*** INPUT MATERIAL ***

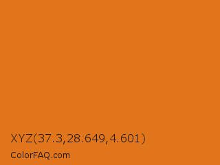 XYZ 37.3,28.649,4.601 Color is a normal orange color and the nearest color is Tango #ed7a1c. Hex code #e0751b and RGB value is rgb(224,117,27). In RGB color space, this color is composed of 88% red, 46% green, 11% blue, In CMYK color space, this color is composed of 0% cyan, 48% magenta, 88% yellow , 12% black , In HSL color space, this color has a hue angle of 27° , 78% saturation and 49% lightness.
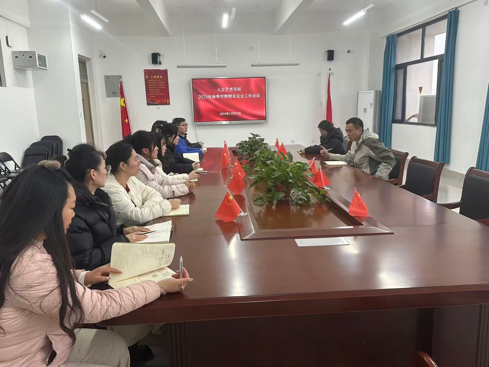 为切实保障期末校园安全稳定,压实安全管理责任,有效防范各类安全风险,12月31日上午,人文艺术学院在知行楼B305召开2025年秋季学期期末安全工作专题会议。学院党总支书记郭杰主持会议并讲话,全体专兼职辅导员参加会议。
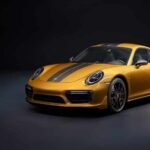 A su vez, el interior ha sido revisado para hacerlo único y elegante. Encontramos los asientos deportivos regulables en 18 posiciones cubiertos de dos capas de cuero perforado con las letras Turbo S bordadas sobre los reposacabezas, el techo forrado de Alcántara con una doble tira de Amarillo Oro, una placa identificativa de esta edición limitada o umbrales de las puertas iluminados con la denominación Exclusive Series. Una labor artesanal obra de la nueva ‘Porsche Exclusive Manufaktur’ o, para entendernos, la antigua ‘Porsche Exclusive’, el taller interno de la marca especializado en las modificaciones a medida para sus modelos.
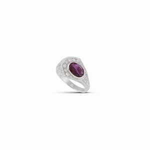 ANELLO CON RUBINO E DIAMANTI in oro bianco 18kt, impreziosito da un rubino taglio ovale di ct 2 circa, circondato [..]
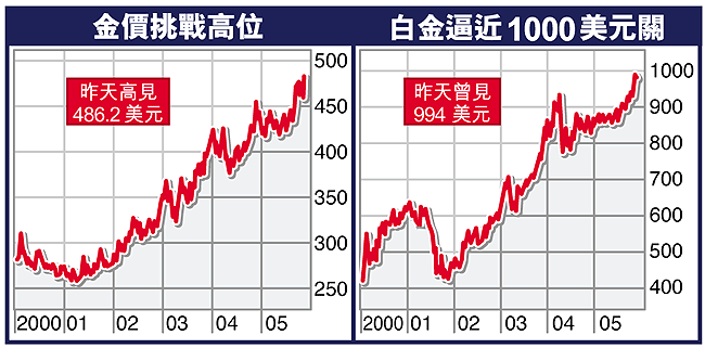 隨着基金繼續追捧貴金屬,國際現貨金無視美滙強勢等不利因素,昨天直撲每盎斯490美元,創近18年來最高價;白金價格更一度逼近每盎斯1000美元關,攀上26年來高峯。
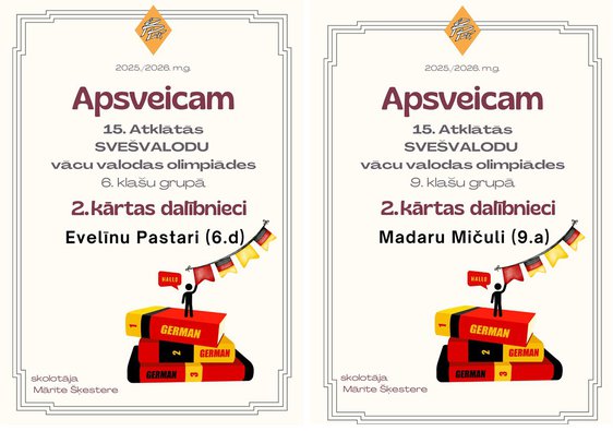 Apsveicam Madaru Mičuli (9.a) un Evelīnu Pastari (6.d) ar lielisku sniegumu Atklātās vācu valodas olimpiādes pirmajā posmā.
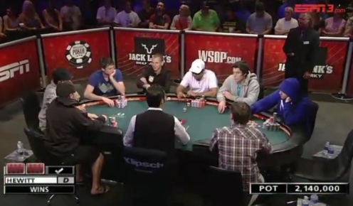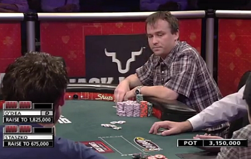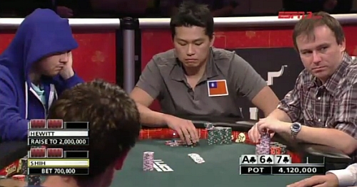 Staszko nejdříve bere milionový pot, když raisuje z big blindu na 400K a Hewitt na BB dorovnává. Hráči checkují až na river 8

*** End of INPUT MATERIAL ***

> **WHAT IS NEEDED**
Each record is to be restated word for word; no picture goes in.

> **SOLUTION**
 XYZ 37.3,28.649,4.601 Color is a normal orange color and the nearest color is Tango #ed7a1c. Hex code #e0751b and RGB value is rgb(224,117,27). In RGB color space, this color is composed of 88% red, 46% green, 11% blue, In CMYK color space, this color is composed of 0% cyan, 48% magenta, 88% yellow , 12% black , In HSL color space, this color has a hue angle of 27° , 78% saturation and 49% lightness.
 为切实保障期末校园安全稳定,压实安全管理责任,有效防范各类安全风险,12月31日上午,人文艺术学院在知行楼B305召开2025年秋季学期期末安全工作专题会议。学院党总支书记郭杰主持会议并讲话,全体专兼职辅导员参加会议。
 A su vez, el interior ha sido revisado para hacerlo único y elegante. Encontramos los asientos deportivos regulables en 18 posiciones cubiertos de dos capas de cuero perforado con las letras Turbo S bordadas sobre los reposacabezas, el techo forrado de Alcántara con una doble tira de Amarillo Oro, una placa identificativa de esta edición limitada o umbrales de las puertas iluminados con la denominación Exclusive Series. Una labor artesanal obra de la nueva ‘Porsche Exclusive Manufaktur’ o, para entendernos, la antigua ‘Porsche Exclusive’, el taller interno de la marca especializado en las modificaciones a medida para sus modelos.
 ANELLO CON RUBINO E DIAMANTI in oro bianco 18kt, impreziosito da un rubino taglio ovale di ct 2 circa, circondato [..]
 隨着基金繼續追捧貴金屬,國際現貨金無視美滙強勢等不利因素,昨天直撲每盎斯490美元,創近18年來最高價;白金價格更一度逼近每盎斯1000美元關,攀上26年來高峯。
 Apsveicam Madaru Mičuli (9.a) un Evelīnu Pastari (6.d) ar lielisku sniegumu Atklātās vācu valodas olimpiādes pirmajā posmā.
 Staszko nejdříve bere milionový pot, když raisuje z big blindu na 400K a Hewitt na BB dorovnává. Hráči checkují až na river 8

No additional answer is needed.